Data Science (DS), Machine Learning (ML), IDE, GUI, Python, data analytics, artificial intelligence, Programming Language

Abstract

It was in 1991 that the first mention of Python came to light. Since it is one of the best programming languages, it is widely used in the data analytics industry. It is speedy, easy to use, and can smoothly alter data with no hiccups. It aids in the processes of data analytics generally, such as data collection, analysis, modelling, and visualization. Python stands out from other languages because it provides all the necessary tools for developing cutting-edge applications and machine learning quickly and easily. The fields of data science and analytics have benefited greatly from recent advances in computing power, the capacity to store vast volumes of data, and knowledge of relevant methodologies in areas such as Data Analytics, Artificial Intelligence, Machine Learning, etc. The goal of this study is to have a discussion on the. All the fundamental resources for developing Python applications may be found in a single place with the help of an IDE (Integrated Development Environment). Integrated development environments (IDEs) are research-oriented software packages that bring together a familiar Graphical User Interface (GUI) with the most widely used programming languages and tools. It often consists of a source code editor for writing programs and local build automation for creating a local version of the software, like compiling computer source code. Additionally, it enables you to duplicate the programs for use on your personal computer. These editors may be used by developers and software engineers to design apps for personal computers or the web; by DevOps engineers to carry out continuous integration; and to aid in job automation and boost the software engineer's productivity and expertise. Some of the many great advantages of adopting a top-tier Python integrated development environment are listed below. Build automation, code linking, testing, and debugging are just some of the features available in Python IDEs that may help you save time. This research will begin with an overview of the Python Data Science Library before moving on to a discussion of data science's many practical applications. In addition, this research provides a comprehensive evaluation of Python IDEs used in the fields of data science and research.

References

Cabo C. Effectiveness of flowcharting as a scaffolding tool to learn python. In 2018 IEEE Frontiers in Education Conference (FIE). 2018 Oct 3; 1–7.

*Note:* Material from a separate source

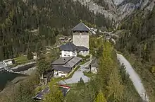 For centuries Klammstein Castle erected high above the historic trade route in the 12th century, served as the administrative seat of the archbishops' keeper of the Gastein Valley. Temporarily held by the Bavarian counts of Ortenburg, it was acquired by the Salzburg archbishop Philip of Spanheim in 1251, whose ministeriales imposed tolls and secured the area at the valley entrance. The surrounding estates were finally incorporated into the Archbishopric of Salzburg in 1297 with the consent of the Bavarian dukes Otto III and Stephen I. The administrative seat was relocated to neighbouring Hofgastein, after Archbishop Leonhard von Keutschach transferred the castle to his relatives as a gift. In 1589 Archbishop Wolf Dietrich Raitenau allowed the demolition of the outer walls.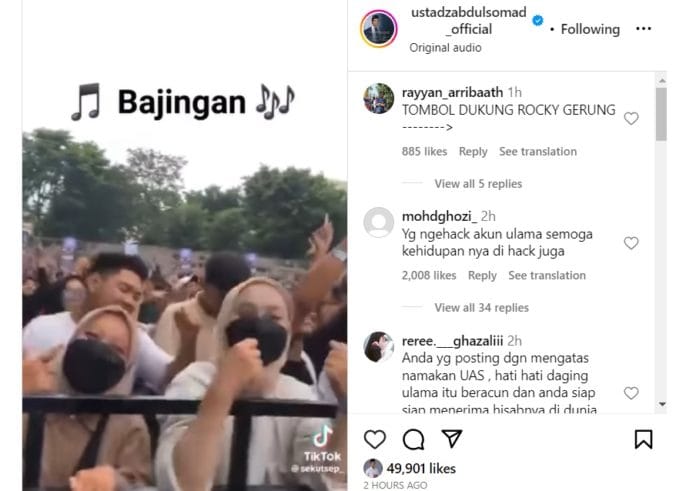 Postingan berisi video dangdutan dengan kata kata Bajing** menjadi ramai dikomentari ribuan netizen. Para pengikut dan netizen meyakini postingan tersebut bukanlah postingan asli dari pemilik akun yakni UAS.

Vadlamani A, Kalicheti R, Chimalakonda S. API Scanner - Towards Automated Detection of Deprecated APIs in Python Libraries. 2021 IEEE/ACM 43rd International Conference on Software Engineering: Companion Proceedings (ICSE-Companion), Madrid, ES. 2021; 5–8. doi: 10.1109/ICSE-Companion52605.2021.00022.

Loulergue F, Philippe J. New List Skeletons for the Python Skeleton Library. 2019 20th International Conference on Parallel and Distributed Computing, Applications and Technologies (PDCAT), Gold Coast, QLD, Australia. 2019; 392–397. doi: 10.1109/PDCAT46702.2019.00077.

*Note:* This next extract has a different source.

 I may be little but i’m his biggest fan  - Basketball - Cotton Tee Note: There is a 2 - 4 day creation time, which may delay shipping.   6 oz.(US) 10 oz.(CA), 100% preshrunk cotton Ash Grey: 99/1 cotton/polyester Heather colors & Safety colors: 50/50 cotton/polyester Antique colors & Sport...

Ponnapalli VS, sai Manish AV, Ramu P, Sudhiksha S, Greeshma M. Array Factor Code Development of Fractal Array Antenna using Python: A Mini-Study on Free and Open Source Software for Antennas. In 2021 IEEE International Conference on Recent Trends on Electronics, Information, Communication & Technology (RTEICT). 2021 Aug 27; 448–451.

Li Y, Schwiebert L. Boosting Python performance on Intel Processors: A case study of optimizing music recognition. In 2016 IEEE 6th Workshop on Python for High-Performance and Scientific Computing (PyHPC). 2016 Nov 14; 52–58.

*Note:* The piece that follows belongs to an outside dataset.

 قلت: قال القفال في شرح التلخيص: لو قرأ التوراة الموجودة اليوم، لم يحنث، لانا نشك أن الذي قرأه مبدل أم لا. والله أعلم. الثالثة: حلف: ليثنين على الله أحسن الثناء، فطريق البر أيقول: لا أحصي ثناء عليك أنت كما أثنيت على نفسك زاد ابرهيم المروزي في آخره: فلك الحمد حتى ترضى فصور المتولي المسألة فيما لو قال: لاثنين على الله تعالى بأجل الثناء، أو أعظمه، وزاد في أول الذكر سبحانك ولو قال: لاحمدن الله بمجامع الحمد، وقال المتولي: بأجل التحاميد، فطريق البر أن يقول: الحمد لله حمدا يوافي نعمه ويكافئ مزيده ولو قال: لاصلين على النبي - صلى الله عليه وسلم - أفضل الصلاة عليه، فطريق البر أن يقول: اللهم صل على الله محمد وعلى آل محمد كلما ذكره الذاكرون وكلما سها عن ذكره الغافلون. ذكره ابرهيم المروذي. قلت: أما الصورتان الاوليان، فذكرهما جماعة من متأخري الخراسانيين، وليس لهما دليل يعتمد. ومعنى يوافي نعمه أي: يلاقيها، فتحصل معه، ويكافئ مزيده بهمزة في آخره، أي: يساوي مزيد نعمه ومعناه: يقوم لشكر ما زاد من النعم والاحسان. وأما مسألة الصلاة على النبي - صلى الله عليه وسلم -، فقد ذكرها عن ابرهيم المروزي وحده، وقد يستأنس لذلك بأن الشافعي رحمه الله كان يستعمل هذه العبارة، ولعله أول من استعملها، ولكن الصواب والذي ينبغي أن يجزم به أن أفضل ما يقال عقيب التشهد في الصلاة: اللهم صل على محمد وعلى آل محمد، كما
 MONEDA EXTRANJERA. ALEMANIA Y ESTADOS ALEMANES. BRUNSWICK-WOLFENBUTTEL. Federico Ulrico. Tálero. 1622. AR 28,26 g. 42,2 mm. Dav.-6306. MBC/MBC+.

Hoving R, Slot G, Jansen S. Python: Characteristics identification of a free open source software ecosystem. 2013 7th IEEE International Conference on Digital Ecosystems and Technologies (DEST), Menlo Park, CA, USA. 2013; 13–18. doi: 10.1109/DEST.2013.6611322.

Guillermo M, et al. Graph Database-modelled Public Transportation Data for Geographic Insight Web Application. 2022 IEEE/ACIS 23rd International Conference on Software Engineering, Artificial Intelligence, Networking and Parallel/Distributed Computing (SNPD), Taichung, Taiwan. 2022; 2–7. doi: 10.1109/SNPD54884.2022.10051802.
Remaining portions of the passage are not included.